Fukushima Nuclear News Roundup – Monday April 15, 2013

TEPCO is still not ruling out the option of dumping radioactive water into the ocean. Something that would cause obvious outrage from fishing groups, environmentalists and other nations.

TEPCO admits the big challenge in trying to locate the radioactive leaks in the holding ponds on site. The high radiation levels prevent humans from inspecting the tanks in detail.

The IAEA is heading to Fukushima Daiichi to inspect the disaster response at the plant. After a series of failures that are being cited as the reason for the trip it isn’t clear what the IAEA will do beyond another photo op.

Hirano Fukushima, part of the evacuation zone that has been reopened will begin farming rice again. Experimental farming last year showed contamination levels were below the government 100 bq/kg levels. The article cites only below the limit, not that this rice is clean and reading as not contaminated.

An appeals court in Japan may rule soon on a lawsuit that seeks to force the government to evacuate children from Koriyama Fukushima. The city has been proven to have unsafe levels of radiation yet the government has failed to do anything of substance for the people living there. Koriyama is outside the evacuation zones.

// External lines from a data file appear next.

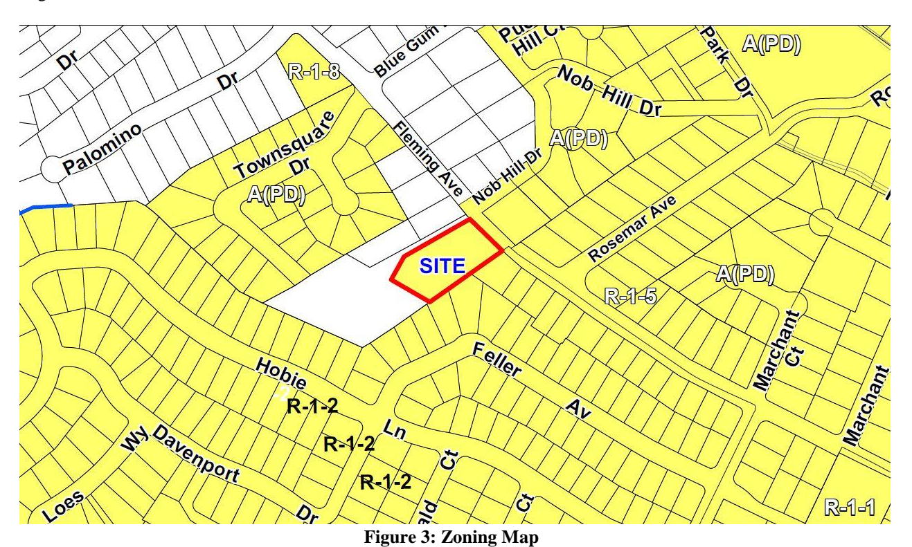
The R-1-8 Single-Family Residence Zoning District would allow the property to be used and developed in accordance with the allowable uses in Table 20-50, including single-family residential residences with an allowed density range from one to eight dwelling units per acre. The property is currently undeveloped, and no development applications are currently on file for this site.

The project proposes annexation of the approximately 0.99 gross acres of unincorporated Santa Clara County to the City of San José, including detachment from the Central Fire Protection District, County Sanitation District 2-3, and Santa Clara County Library Services. Upon completion of the annexation proceedings, the subject site would be eligible to connect to City infrastructure and services, and the aforementioned R-1-8 zoning would be effective.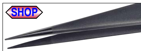
Strong Tweezers Tapered To Point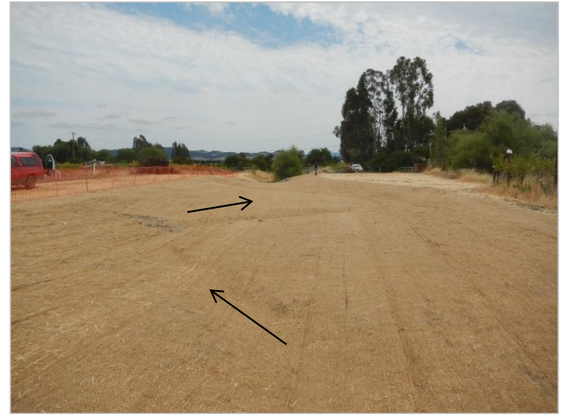
Post Implementation Photos.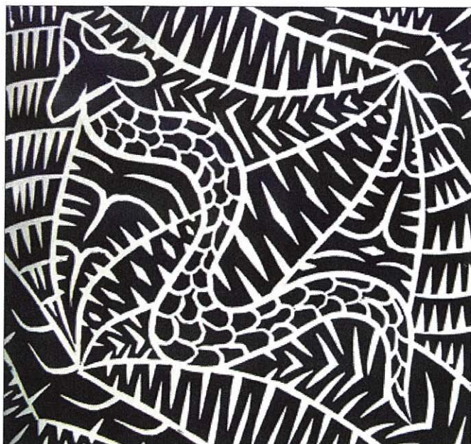
Maverick Fox, Compact Print

Tsunami debris has begun to show up in California. Crescent City found a boat that washed across the Pacific from Rikuzentakata, one of the towns devastated by the tsunami.People from the town found some joy in the connection with Crescent City finding their boat.
Amya Miller, Rikuzentakata’s global public information officer, said the boat’s find was a cause for celebration.’For those of us in Rikuzentakata, these are experiences we will never get used to, and for giving us something to be absolutely joyful about, to talk about, to laugh about, and to be absolutely giddy — we are grateful,’ she said. Most of the high school students have been relocated to a town 30 minutes away, which had a campus that was not being used. ‘We needed this desperately,’ Miller said. “It’s wonderful.‘”

A few things of note from outside Japan this week:

For March 2013 100% of new electricity generation facilities installed were solar. This may be partly due to wind turbine installation being on hiatus for the winter in the upper central states.

Iowa saw some improvements in solar power installation laws. This analysis shows there is still a long way to go in the US to have the structures in place to make solar energy common place.

Former US NRC head Gregory Jaczko repeated his concerns with US reactor safety where he urged the US to shut down their units at a recent conference on nuclear energy. NEI, the nuclear industry’s lobbyist group fired back with a sold claim that US nuclear plants are safe because they say so.